When I think back about the times I have completely lost my mind, at least as an adult, 4 of the 5 times have been over a dog. Not a woman. Not money. A dog. The other time was when some dude threw a beer bottle at me in a roadside honky tonk between Vancouver and Kamloops. Even then, I was on my way to Jasper to look for wolves, so it was somewhat dog-related.
The first time was when I lived in Nashville, back in the eighties. Some lady two houses down left her dog in the backyard. Every weekday. This dog would bark from the minute she left until the minute she let him back in that night. I was at home a lot, either studying or writing songs or goofing off or trying to sleep. I tried for weeks to mentally filter that dog out. I thought about killing it for a while, but poison is for sissies and I didn’t have my shotgun with me at the time. I thought about killing her, but she was a girl. Eventually I waited until a Saturday when I knew she was home and knocked on her door, planning to have a calm, neighborly conversation. She gave me attitude, I started screaming, she concluded I was both a psycho and a danger to her pet, and the dog problem was solved.
About 10 years ago, in my old neighborhood, the guy two houses down (yes, this is a pattern that will continue) took his family on vacation for two weeks. He didn’t take his dog. No, the dog got left in the backyard. Presumably someone fed the dog, because he was nourished enough to bark, non-stop, from dusk till dawn. Every. Single. Night. This time I had my shotgun, but he was a black lab. If it had been one of those little yappy dogs…

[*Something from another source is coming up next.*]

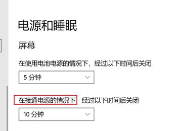5. 第五步根据下图所示,按照需求设置在接通电源情况下关闭屏幕的时间。
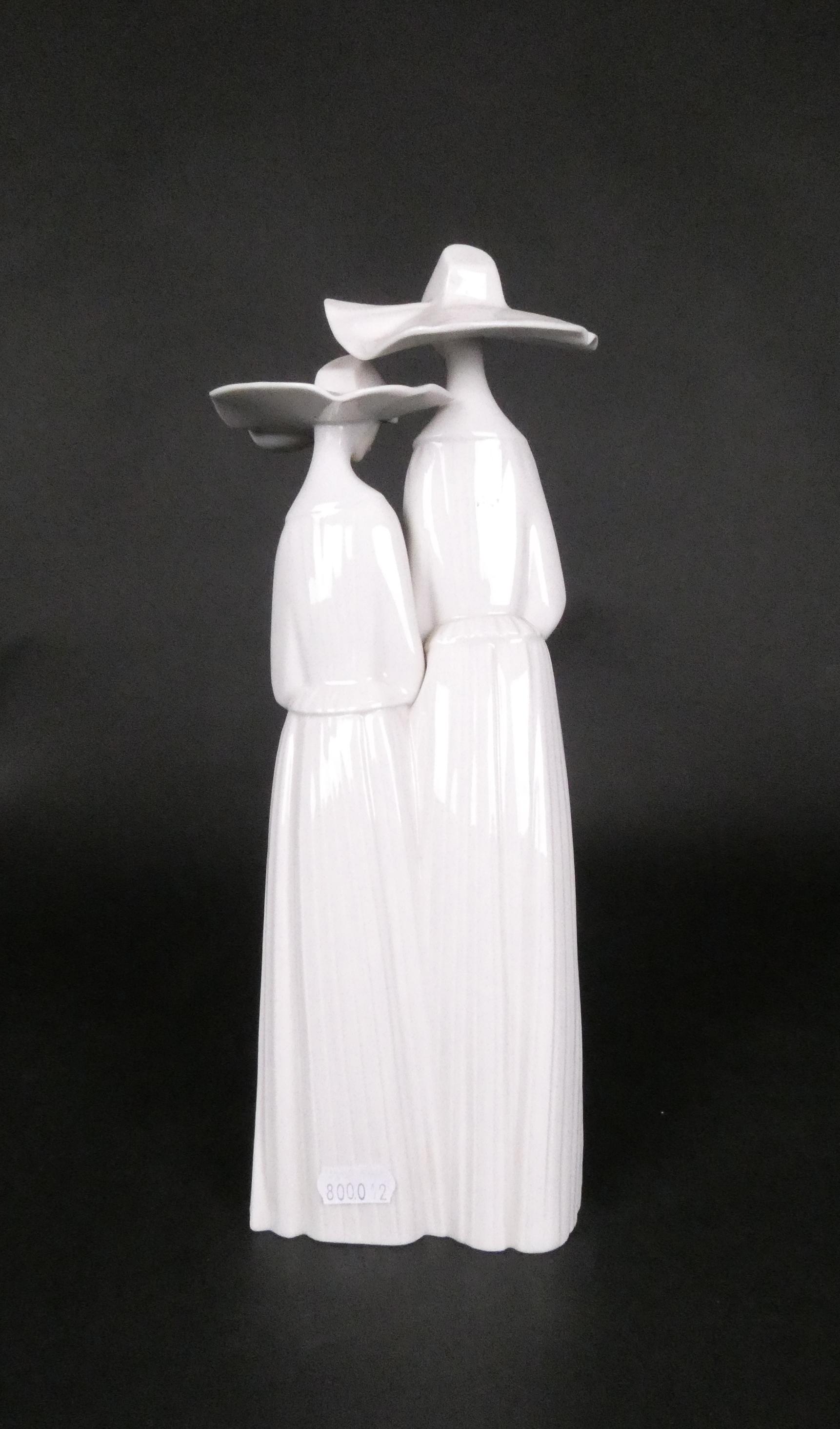 Céramique: Porcelaine de LLADRO Espagne -2 Nonnes- 20eS H:33,5cm

So for 14 nights I sat in bed listening to that dog bark. Our bedroom was upstairs in the back of the house, so it sounded like that dog was right outside our window. On the 14th day, when I stumbled home from work, read-eyed and bleary from lack of sleep, I saw that he was back. I stomped over there, with absolutely no intention of having a calm, neighborly conversation. He gave me attitude, and things quickly degenerated into me telling him, in no uncertain terms, what I would do to his dog and then to him, if I didn’t get peace and quiet. We stared each other down a few times after that, but I never heard the dog again. Problem solved.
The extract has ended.